(Dataset content Opens)
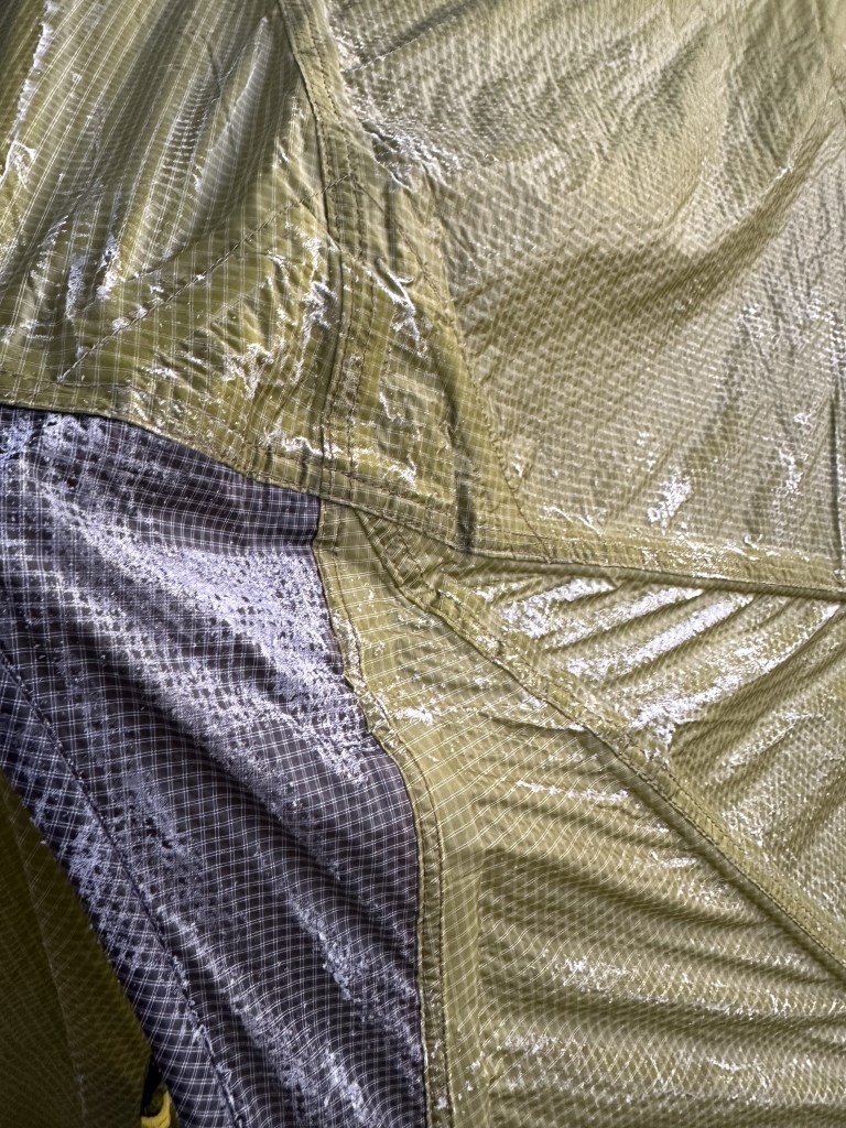 My tent was frosted over but the cold wasn’t unbearable. I felt pretty well equipped from a clothing and shelter standpoint, despite not expecting temperatures to drop that low.
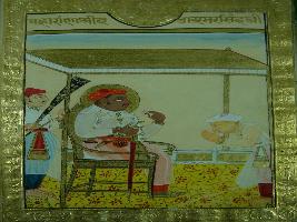 | Description / विवरण | Miniature painting depicting Maharana Amar Singh sitting on a ornamented chair flanked by a male attendant and a man is seen that paying respect to him. |
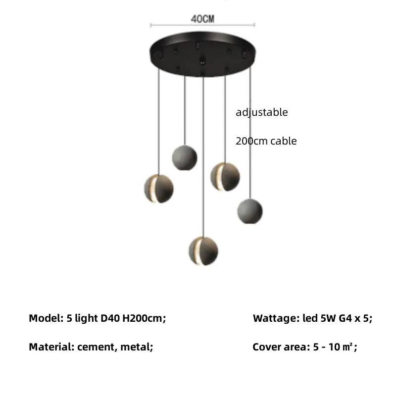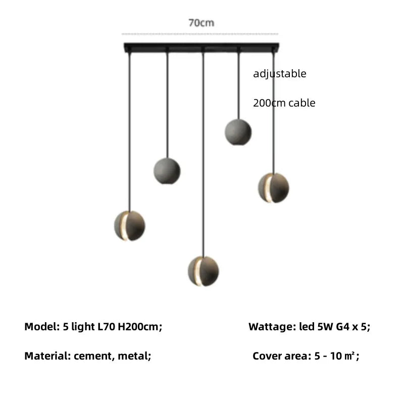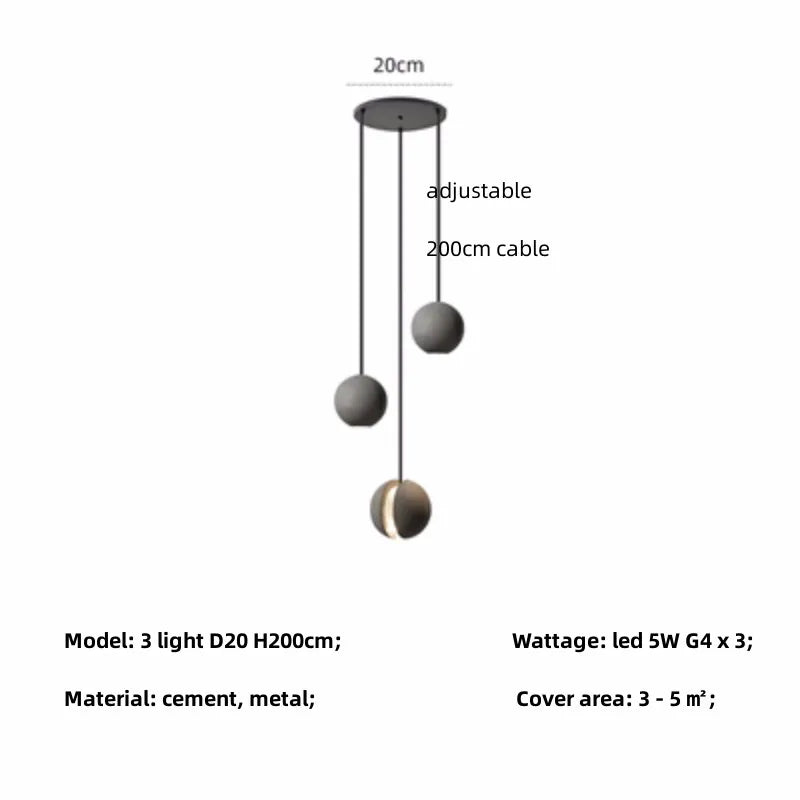 Afralia™ Moon Planet Cement Pendant Light: Modern Nordic Wabi Sabi Hanging Lamp for Dining Room
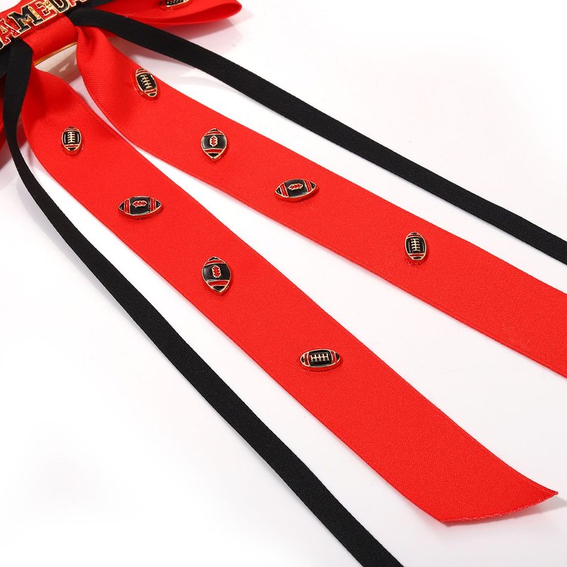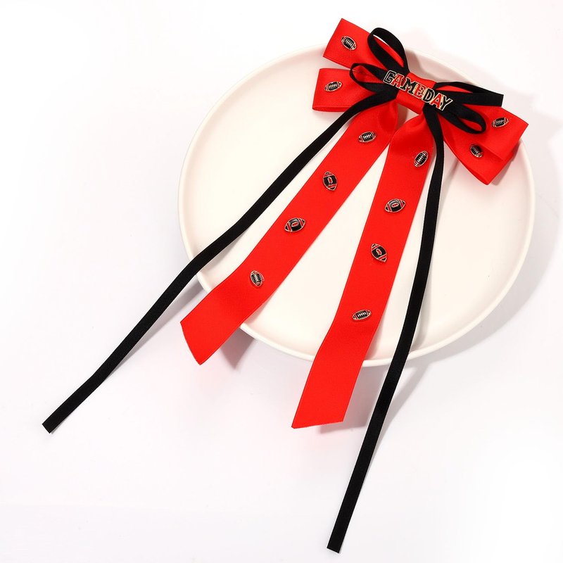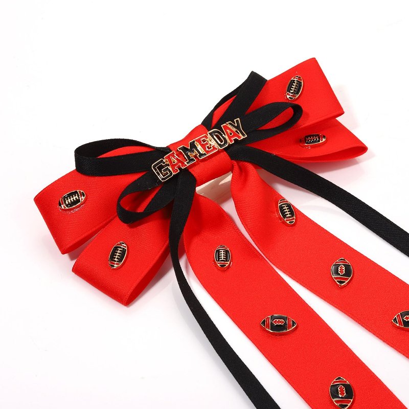 - Style your hairdo in a variety of chic fashions with this game day hair bows for women. This game day bow barrette hair clip featuring a double layer silky satin ribbon bow with long tails in team color red and black,embellished with GAME DAY and football charms, and back attached on top of a barrette metal clip, this game day hair accessories neatly secures your hair and works well with all hair types.Enjoy this fun football hair bow clip to pair with your outfit at the next tailgate or sporting event!
(Dataset content Closes)
◆ What you are asked to do:
Keeping both end lines, retype exactly the lines from the first line of the material through the line that contains "Afralia™ Moon Planet", but not the pictures.

◆ Expected answer:
 My tent was frosted over but the cold wasn’t unbearable. I felt pretty well equipped from a clothing and shelter standpoint, despite not expecting temperatures to drop that low.
 | Description / विवरण | Miniature painting depicting Maharana Amar Singh sitting on a ornamented chair flanked by a male attendant and a man is seen that paying respect to him. |
 Afralia™ Moon Planet Cement Pendant Light: Modern Nordic Wabi Sabi Hanging Lamp for Dining Room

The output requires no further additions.